__PROBLEM STATEMENT__.
Since the records include pictures, leave those out while you reproduce exactly and only the lines from the one containing "Forming deck joints" through the one containing "Forêt , 2013", inclusive.

[[ DATA FOR PROCESSING open ]]

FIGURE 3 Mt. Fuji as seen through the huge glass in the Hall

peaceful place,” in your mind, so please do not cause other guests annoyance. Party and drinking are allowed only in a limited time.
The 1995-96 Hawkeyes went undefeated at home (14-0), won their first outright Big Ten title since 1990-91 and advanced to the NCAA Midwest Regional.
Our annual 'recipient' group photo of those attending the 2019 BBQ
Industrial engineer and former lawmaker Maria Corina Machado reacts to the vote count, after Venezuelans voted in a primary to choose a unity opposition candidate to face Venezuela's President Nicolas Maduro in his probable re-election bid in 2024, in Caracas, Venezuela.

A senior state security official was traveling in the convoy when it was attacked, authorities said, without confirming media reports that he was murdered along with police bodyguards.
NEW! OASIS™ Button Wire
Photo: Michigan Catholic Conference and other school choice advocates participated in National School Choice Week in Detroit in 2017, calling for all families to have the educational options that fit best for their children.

[[ DATA FOR PROCESSING closed ]]
[[ DATA FOR PROCESSING open ]]

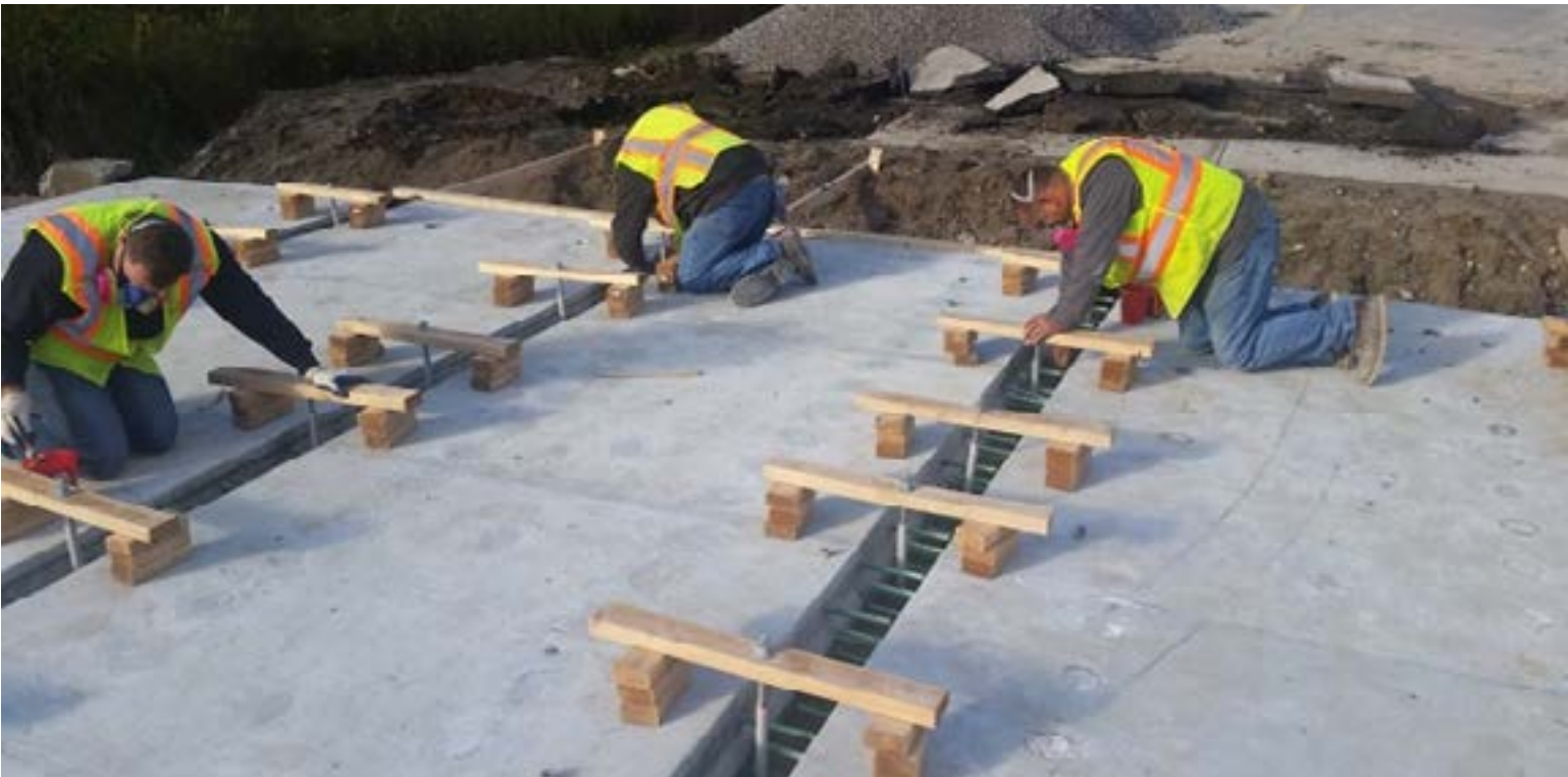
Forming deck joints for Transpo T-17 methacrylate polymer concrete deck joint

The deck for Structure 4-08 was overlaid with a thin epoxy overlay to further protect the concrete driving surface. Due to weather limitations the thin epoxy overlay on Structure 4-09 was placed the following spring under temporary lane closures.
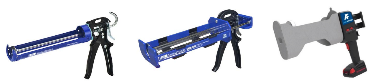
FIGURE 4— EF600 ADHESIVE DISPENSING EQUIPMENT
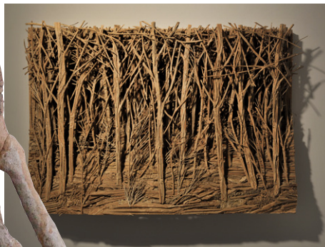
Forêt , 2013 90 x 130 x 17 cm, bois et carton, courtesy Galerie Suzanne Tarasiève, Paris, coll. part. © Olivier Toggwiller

[[ DATA FOR PROCESSING closed ]]

__RESPONSE__.
Forming deck joints for Transpo T-17 methacrylate polymer concrete deck joint

The deck for Structure 4-08 was overlaid with a thin epoxy overlay to further protect the concrete driving surface. Due to weather limitations the thin epoxy overlay on Structure 4-09 was placed the following spring under temporary lane closures.
FIGURE 4— EF600 ADHESIVE DISPENSING EQUIPMENT
Forêt , 2013 90 x 130 x 17 cm, bois et carton, courtesy Galerie Suzanne Tarasiève, Paris, coll. part. © Olivier Toggwiller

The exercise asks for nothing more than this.